• _Goal of the exercise_: Your answer must be an exact transcription of the data, with every picture omitted.

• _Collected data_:
..............................
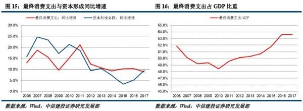 第三,GDP中最终消费份额的提升。最终消费支出(资本形成)对GDP增速的拉动率等于最终消费支出(资本形成)实际增速与基期占比的乘积,因此,最终消费支出(资本形成)在GDP中的份额变化也会影响其对GDP增速的拉动率。近年来,最终消费支出增速要明显高于资本形成增速(图15),导致GDP构成中的最终消费支出占比提升(图16),也有利于提升其对GDP增速的拉动率。
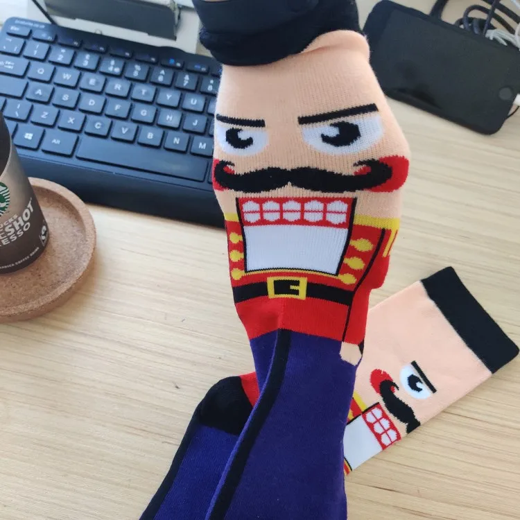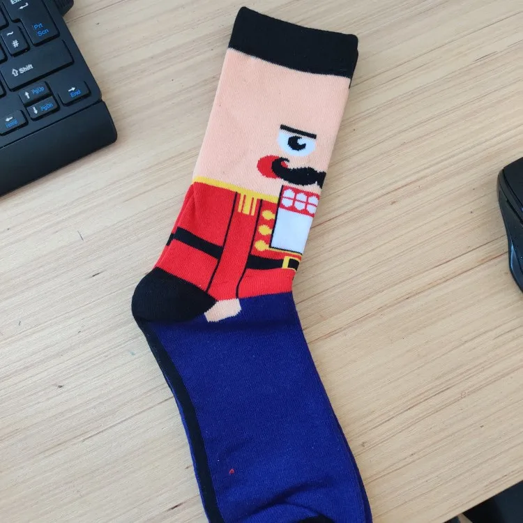 Носки мужские хлопковые в полоску, смешные Мультяшные, с рисунком рождественской елки, праздничные, для зимы
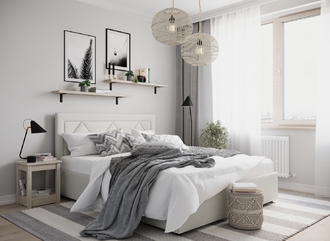 Создать гармоничный интерьер и завершить образ спальни помогут дополнительные аксессуары, например: тумбы, банкетки, подушки.
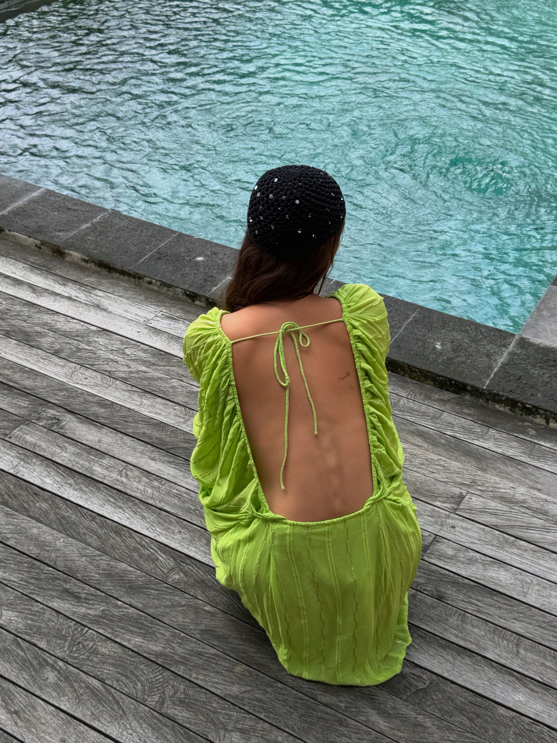 Cyra évoque la douceur des constellations argentées dans le ciel nocturne. Ce bonnet noir, orné de sequins argentés et fabriqué à la main, mêle raffinement, caractère et éclat subtil. Une étoile à porter, tout simplement.
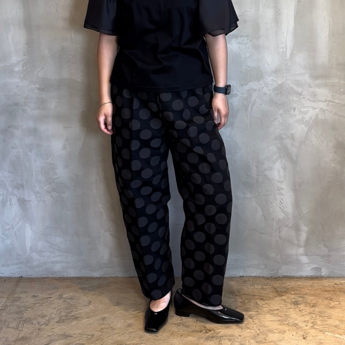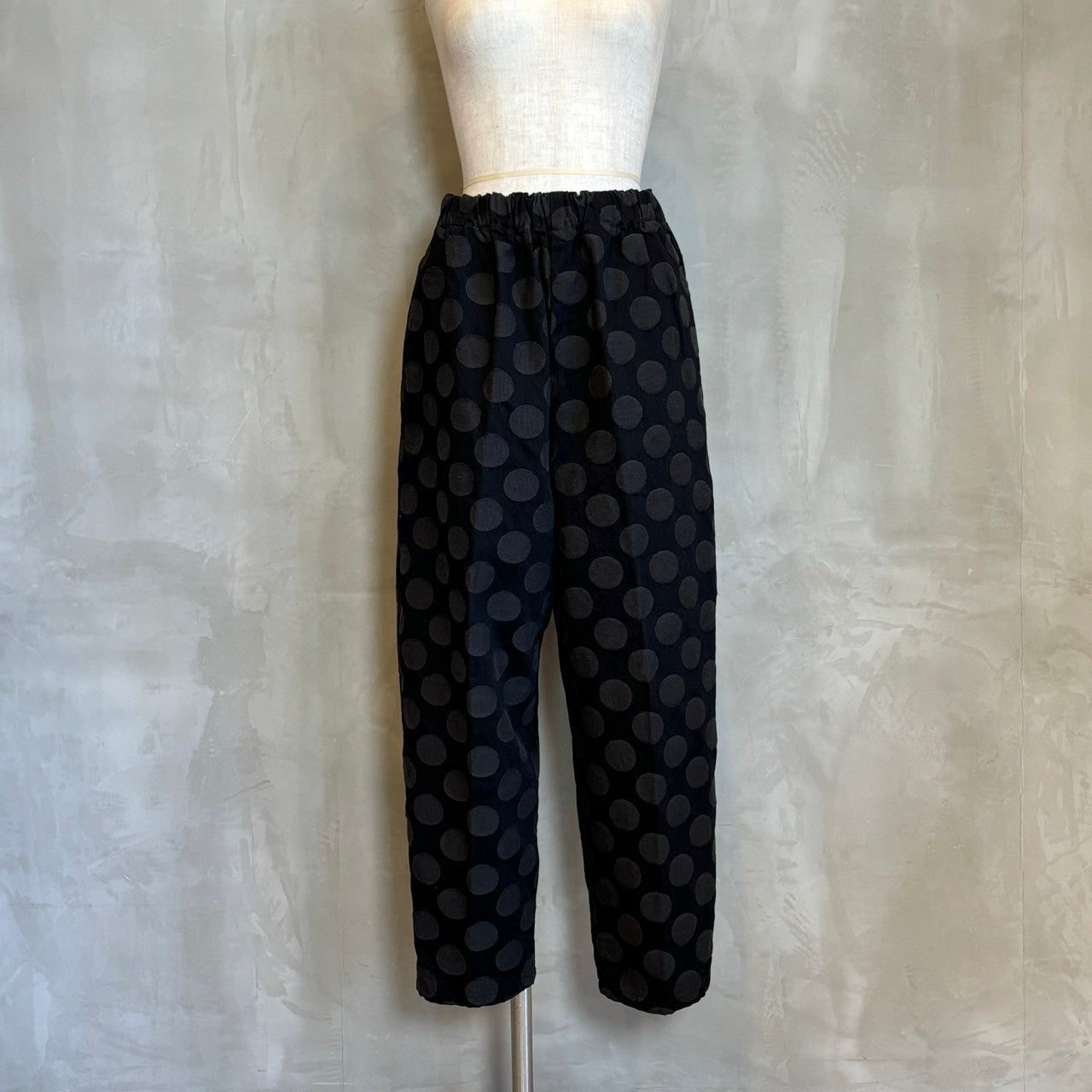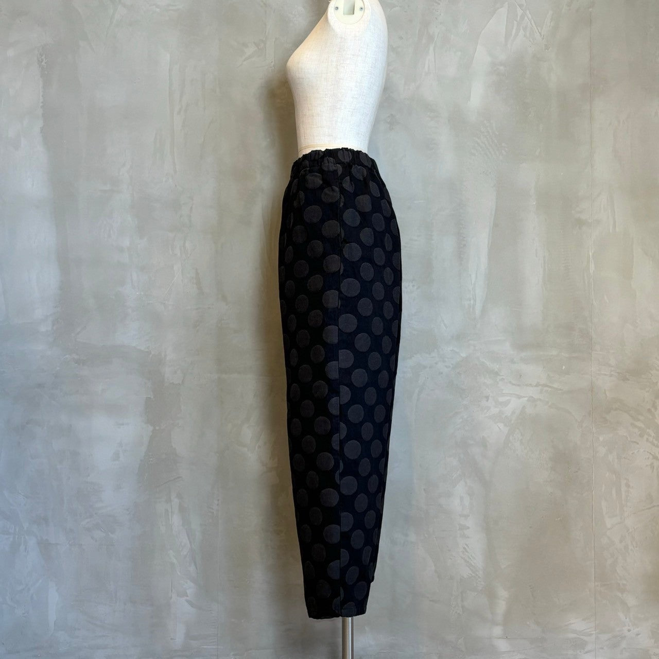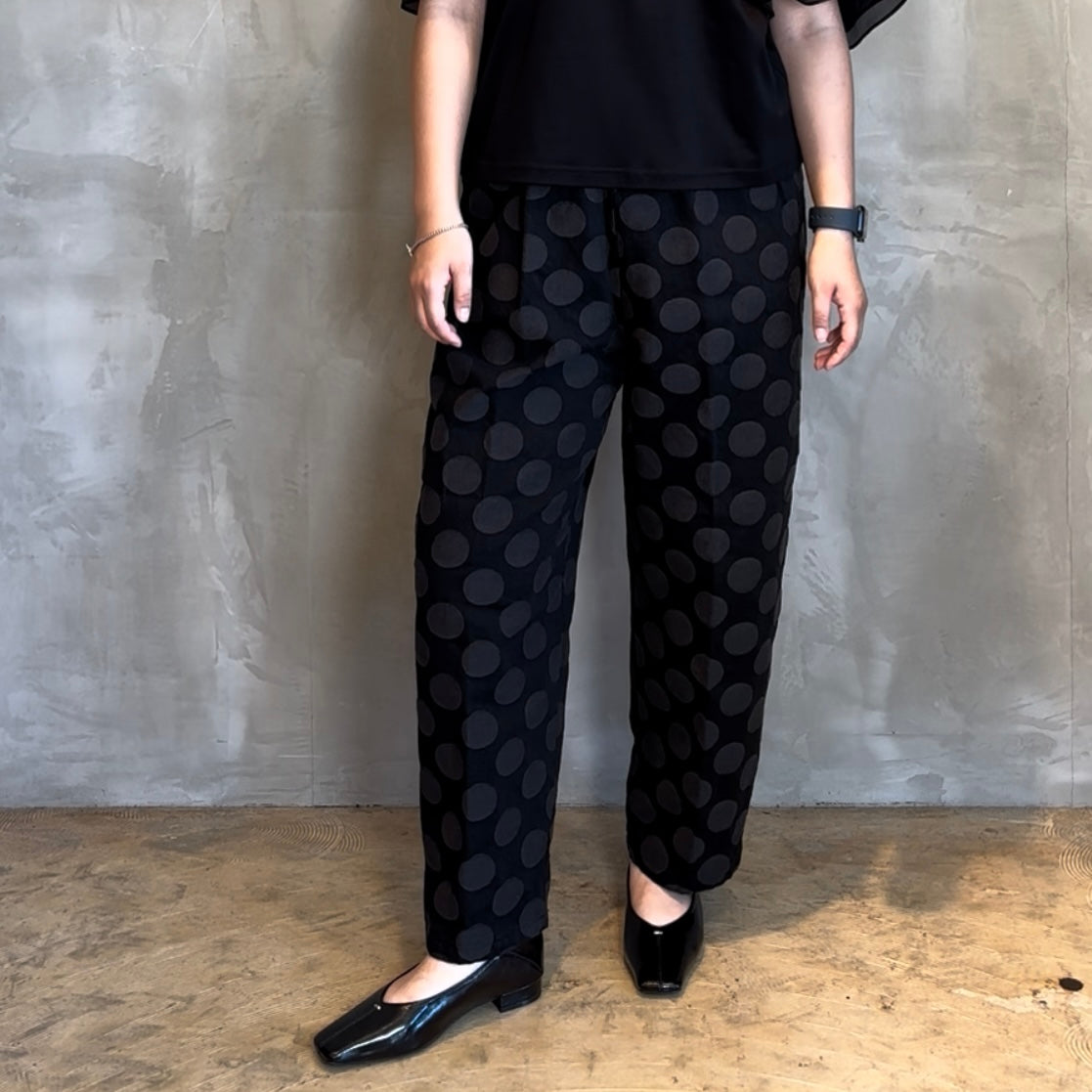 華やかな大きなドット柄が目を引くテーパードシルエットで、スタイリングに一味違うアクセントをプラスします。
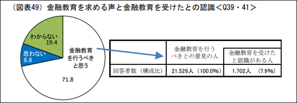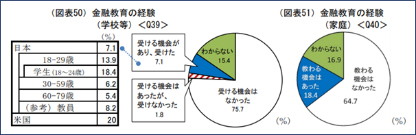 こうした社会や経済環境の変化を受け「金融教育」が必修化された一方で、教員自身が金融教育を受けた経験は8.2%と低く、金融教育を受けたことのない教員が生徒に指導しているケースが多いのが現状です(図表49・50・51参照)。
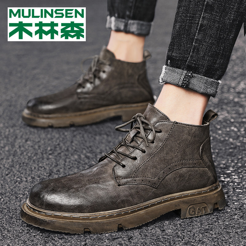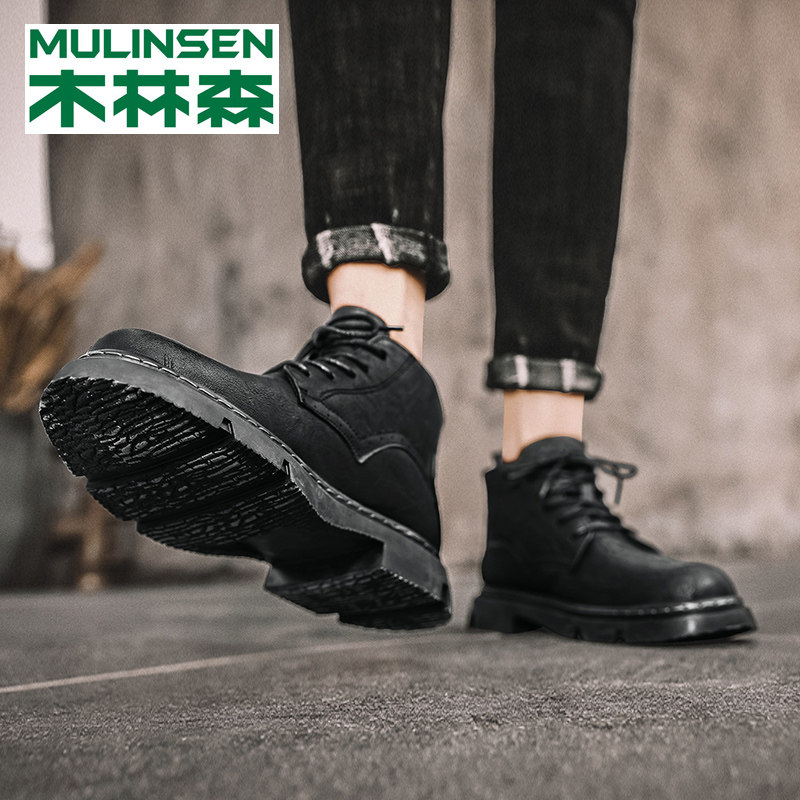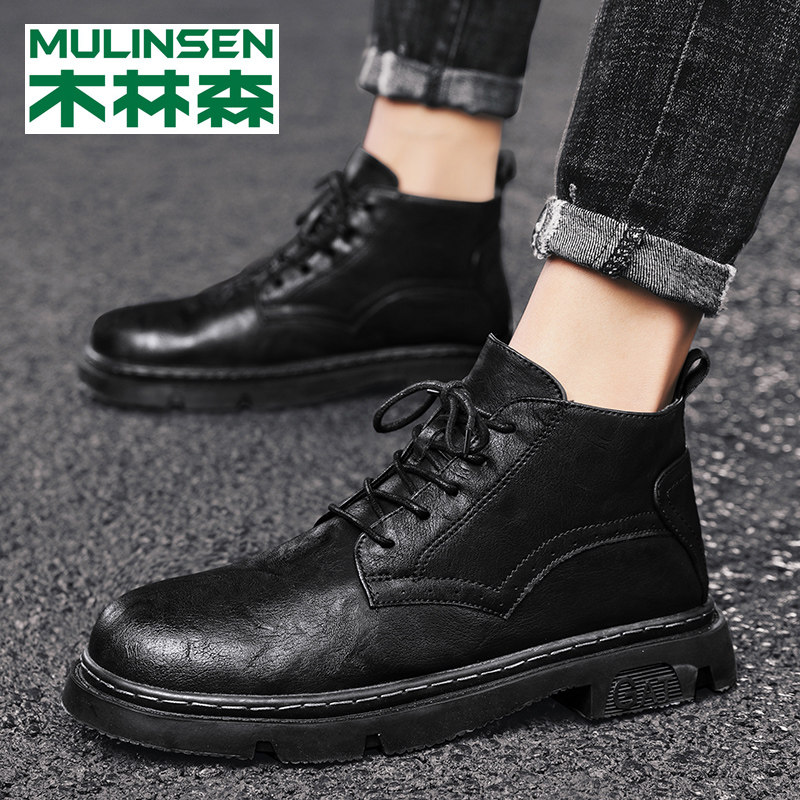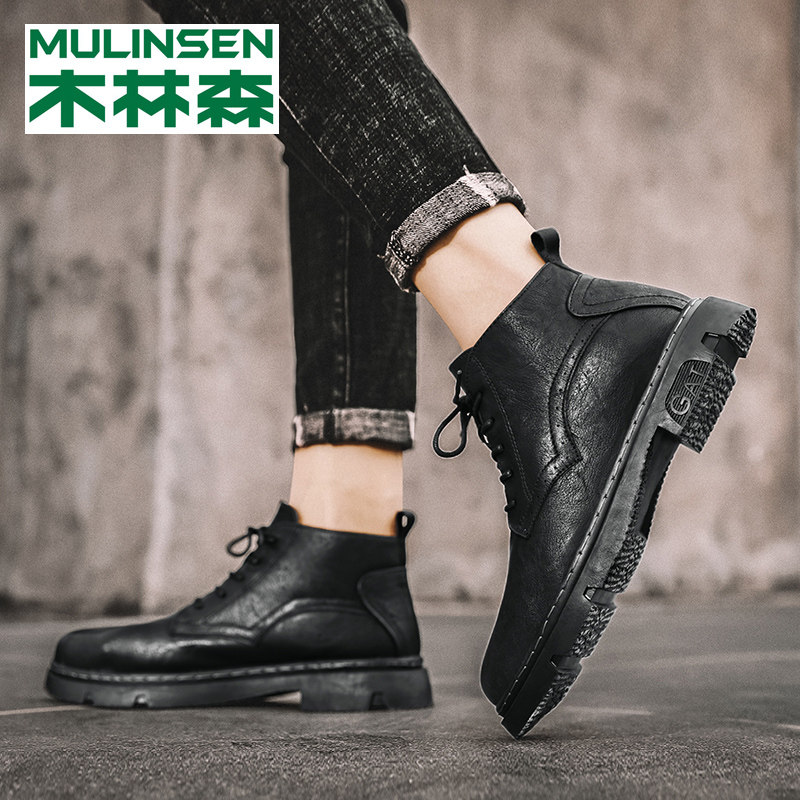 Mulinsen Martin boots men's winter high-top tooling boots trend leather boots plus velvet warm cotton shoes mid-tube snow boots
..............................
• _Answer below_:
 第三,GDP中最终消费份额的提升。最终消费支出(资本形成)对GDP增速的拉动率等于最终消费支出(资本形成)实际增速与基期占比的乘积,因此,最终消费支出(资本形成)在GDP中的份额变化也会影响其对GDP增速的拉动率。近年来,最终消费支出增速要明显高于资本形成增速(图15),导致GDP构成中的最终消费支出占比提升(图16),也有利于提升其对GDP增速的拉动率。
 Носки мужские хлопковые в полоску, смешные Мультяшные, с рисунком рождественской елки, праздничные, для зимы
 Создать гармоничный интерьер и завершить образ спальни помогут дополнительные аксессуары, например: тумбы, банкетки, подушки.
 Cyra évoque la douceur des constellations argentées dans le ciel nocturne. Ce bonnet noir, orné de sequins argentés et fabriqué à la main, mêle raffinement, caractère et éclat subtil. Une étoile à porter, tout simplement.
 華やかな大きなドット柄が目を引くテーパードシルエットで、スタイリングに一味違うアクセントをプラスします。
 こうした社会や経済環境の変化を受け「金融教育」が必修化された一方で、教員自身が金融教育を受けた経験は8.2%と低く、金融教育を受けたことのない教員が生徒に指導しているケースが多いのが現状です(図表49・50・51参照)。
 Mulinsen Martin boots men's winter high-top tooling boots trend leather boots plus velvet warm cotton shoes mid-tube snow boots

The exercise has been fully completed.